AUSTIN, Texas — With Hurricane Harvey rapidly gaining strength in the Gulf of Mexico and threatening the Lone Star State, ERCOT’s Technical Advisory Committee on Thursday focused on three tabled revision requests and appeals before quickly scattering to their homes and work.
“Be safe,” urged TAC Co-Chair Bob Helton, of Dynegy, as he adjourned the meeting.
Committee members did approve one of the three tabled issues, passing a nodal protocol revision request (NPRR768) after staff filed comments most could agree to. The NPRR was the subject of vigorous debate during the July TAC meeting but was passed this time with only Shell Energy and Sharyland Utilities abstaining. (See “EEA Price Adder Change Tabled,” ERCOT Technical Advisory Committee Briefs: July 27, 2017.)
The revision request adds real-time DC tie imports and exports through registered block load transfers to the list of ERCOT-initiated actions that trigger a price adder to ensure that prices reflect scarcity conditions.
Staff revised the language to cap the total adjustment for DC tie imports at 1,250 MW, the current capacity of all DC ties.
That was enough to placate the Texas Industrial Energy Consumers group, which has opposed the measure throughout the stakeholder process.
“We have a philosophical disagreement about whether this is appropriate,” said Katie Coleman, legal counsel for TIEC. “Rather than continue fighting about that, we got comfortable about moving this forward with a megawatt limit on it.”

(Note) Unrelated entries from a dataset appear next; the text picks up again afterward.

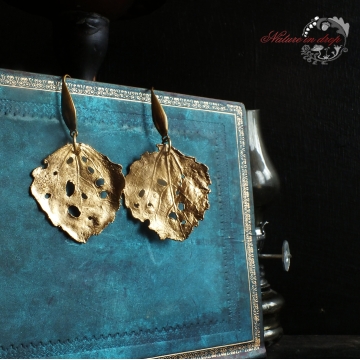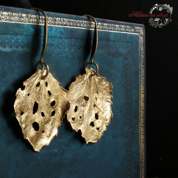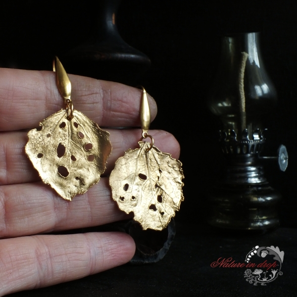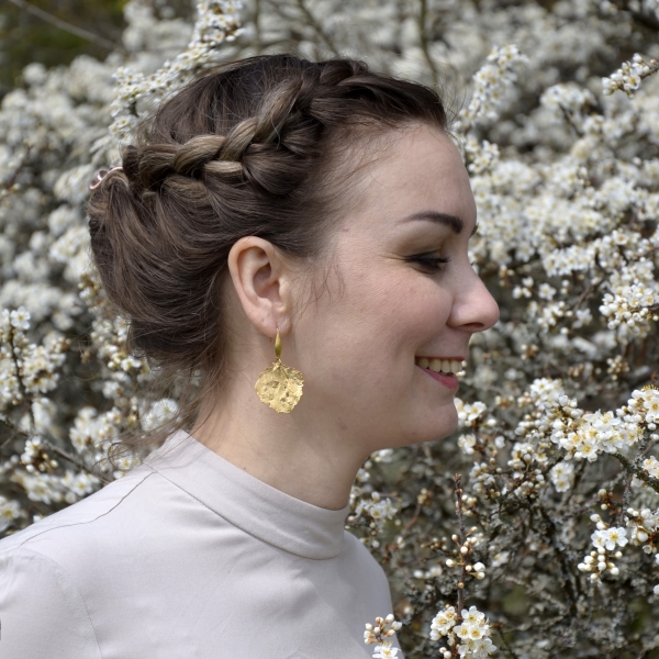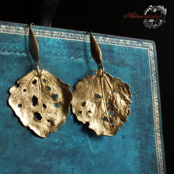 Materiál: listy topolu, měď, postříbřené, pozlacené, háčky zlacená chirurgická ocel
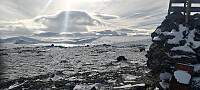Vegen opp til vindparken er stengt med bom nede ved hovedveien
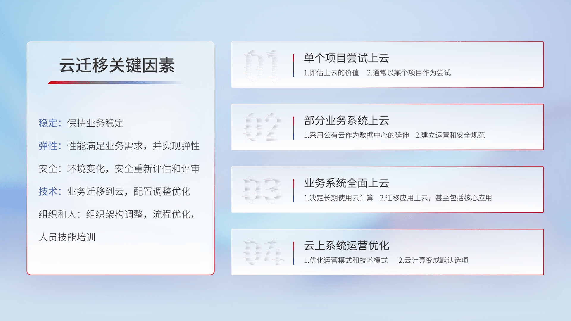 结合实际业务,,,,从规划设计、、、云平台选型、、云原生改造、、数据迁移、、、、集成交付,,,,迁移全过程为客户识别最佳上云路径,,,做好风险识别管理,,,设计网络架构、、、身份权限、、、、安全审计合规、、操作审计、、日志审计、、监控告警策略、、、多站点容灾设计等,,,对云上基础设施进行整体规划,,,提升IT治理水平,,以满足弹性、、高可用、、、、高性能的需求。。。
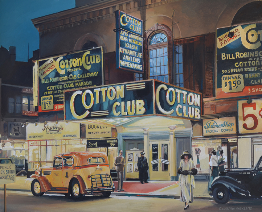The original Cotton Club in Harlem was built and operated until the early 1930s. The building in the painting is the Club's location at 48th Street and Broadway.The Latin Quarter later opened in its space. The building was torn down in 1989 to make way for a hotel. A new club named Cotton Club, opened in 1978 at 656 West 125th Street. It remains as a tribute to the great musicians of the past, but is today enjoyed by people of all races and cultures,
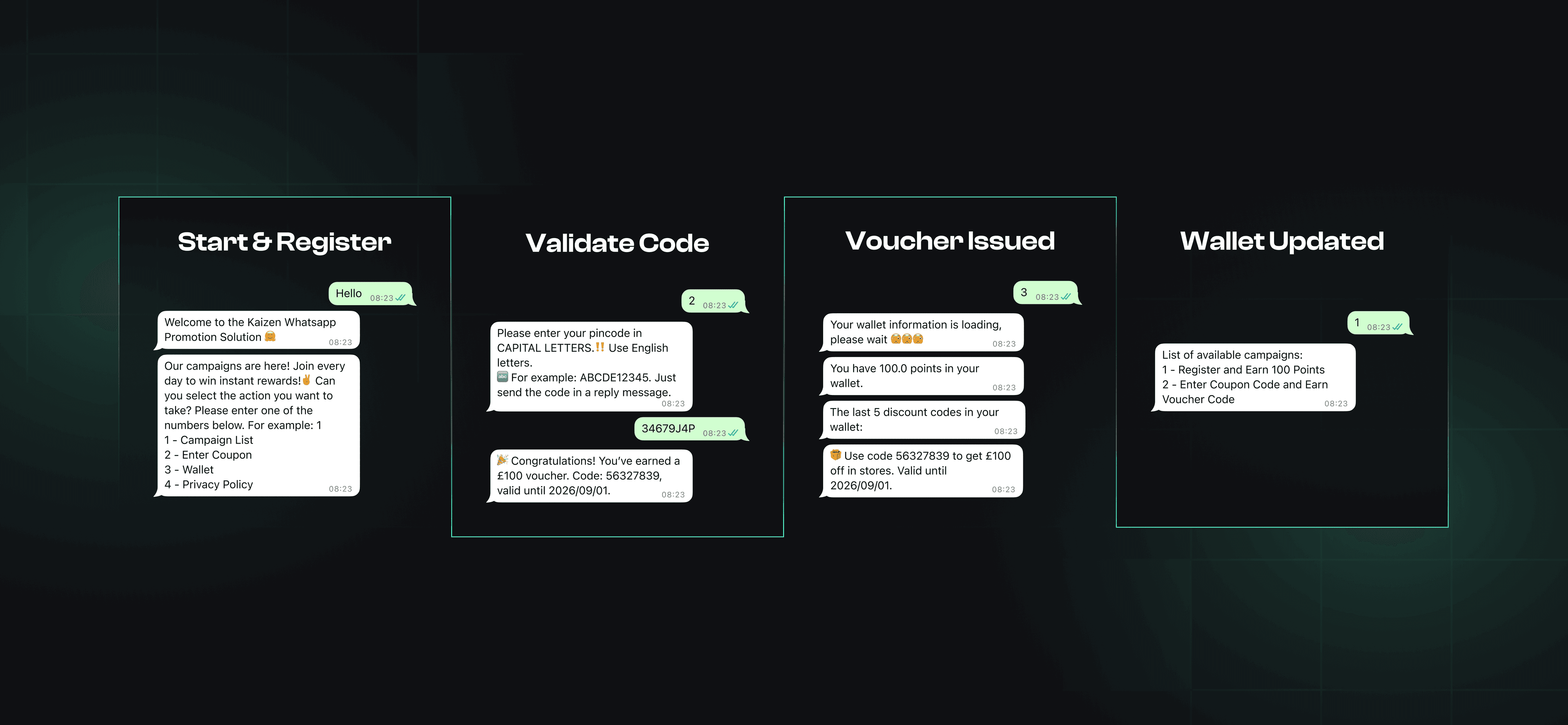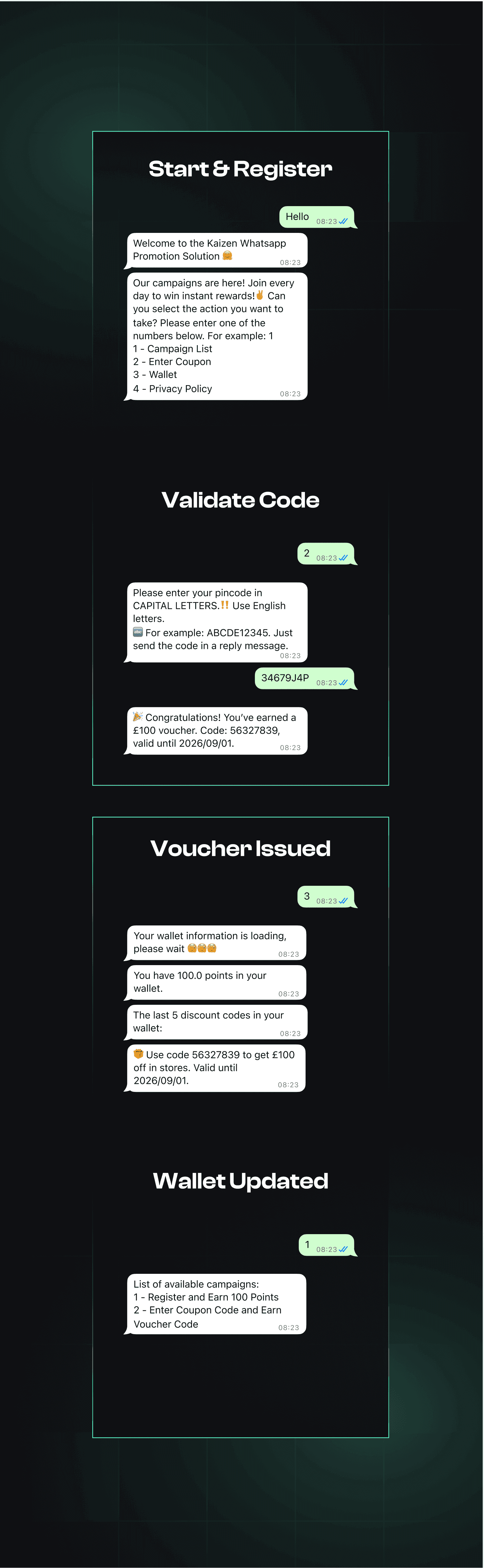 From the first message to instant rewards, every step of the loyalty experience happens seamlessly within WhatsApp. No external app, no redirects, just real-time engagement.
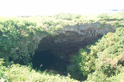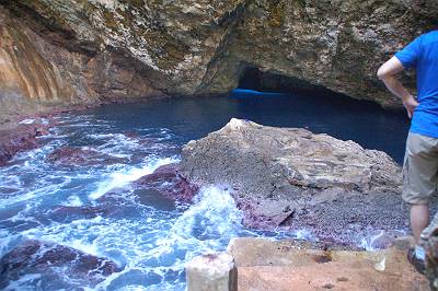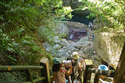 展望からグロットを見下ろしてみました。ココから見るとぽっかりと口を開けた洞窟であることがよく分かります。 |
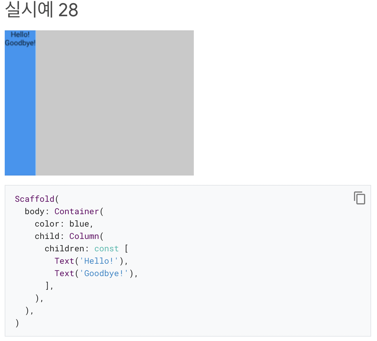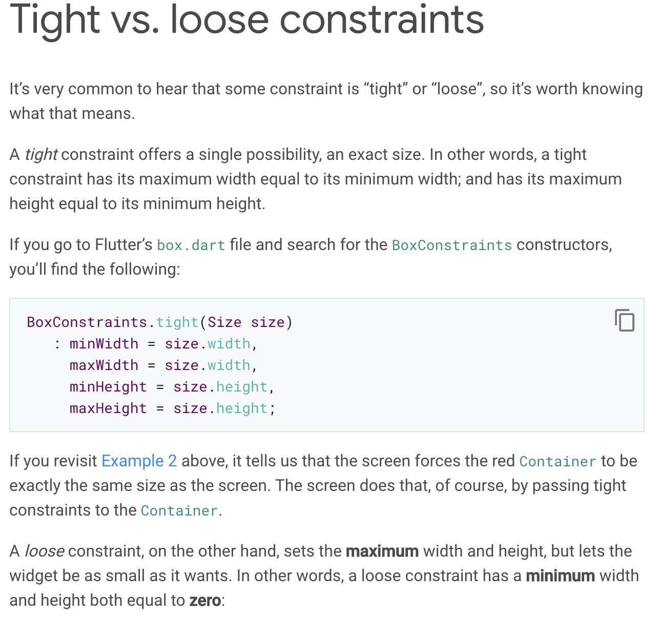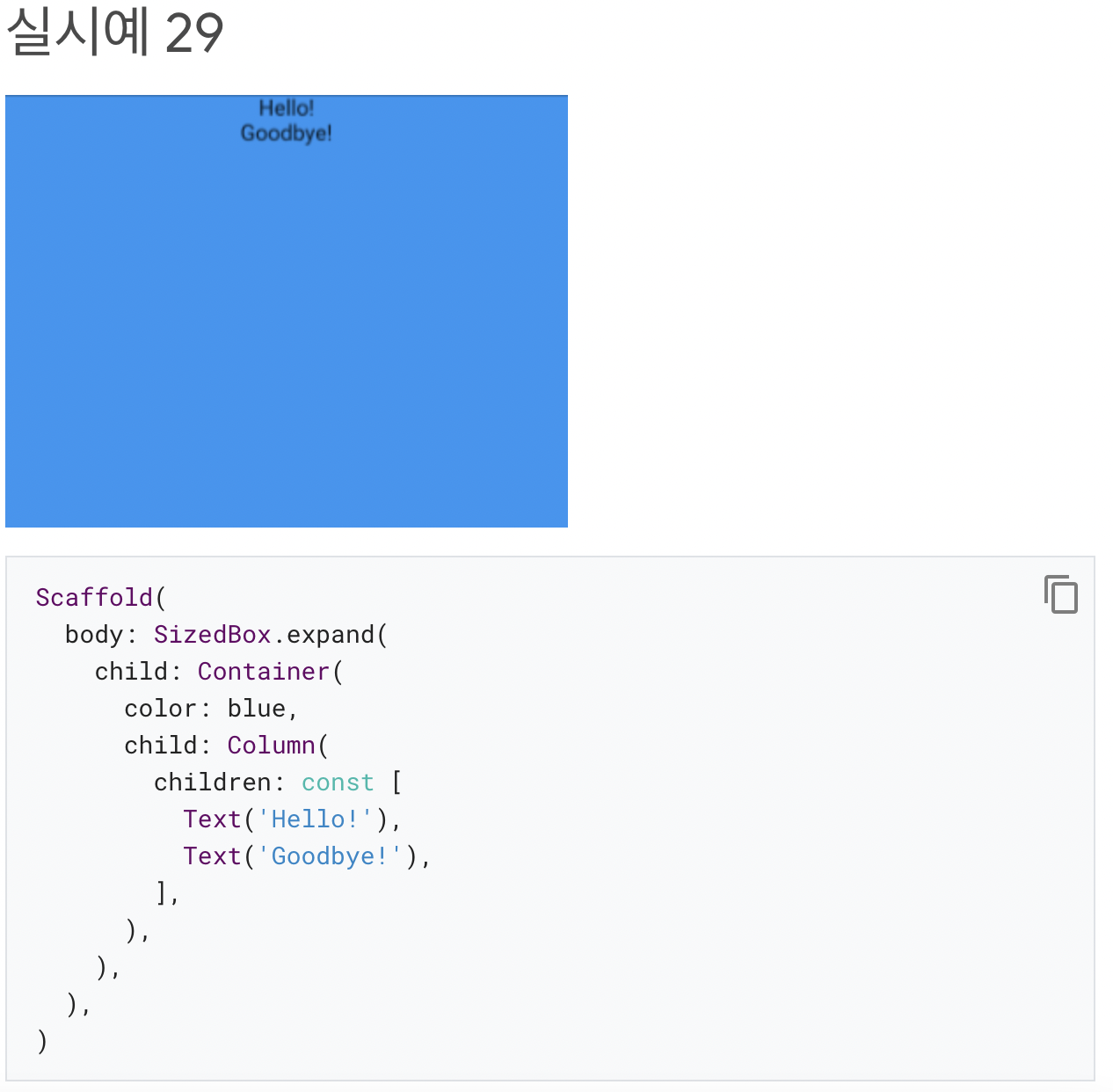 Flutter layout engine에는 몇가지 중요한 제한 사항이 있다(예시로 둔 레이아웃 규칙에 의해)

Shell’s Greg Thurnher called the revised language a “nice compromise” and a “step in the right direction” to support scarcity pricing signals, but said he wasn’t sure “every adder is a good adder.”
“This one has a lot of fine print,” Thurnher said. “We’ve had some growth in traditional [DC ] ties that could be excluded for the circumstances it’s trying to prevent. We’ve arrived at the solution, but I’m not sure it’s a good one.”
NPRR768 does not address the Southern Cross Project, a proposed HVDC transmission project that would transport more than 2 GW of electricity from Texas to Southeastern markets. Several stakeholders agreed that is a discussion for a later date.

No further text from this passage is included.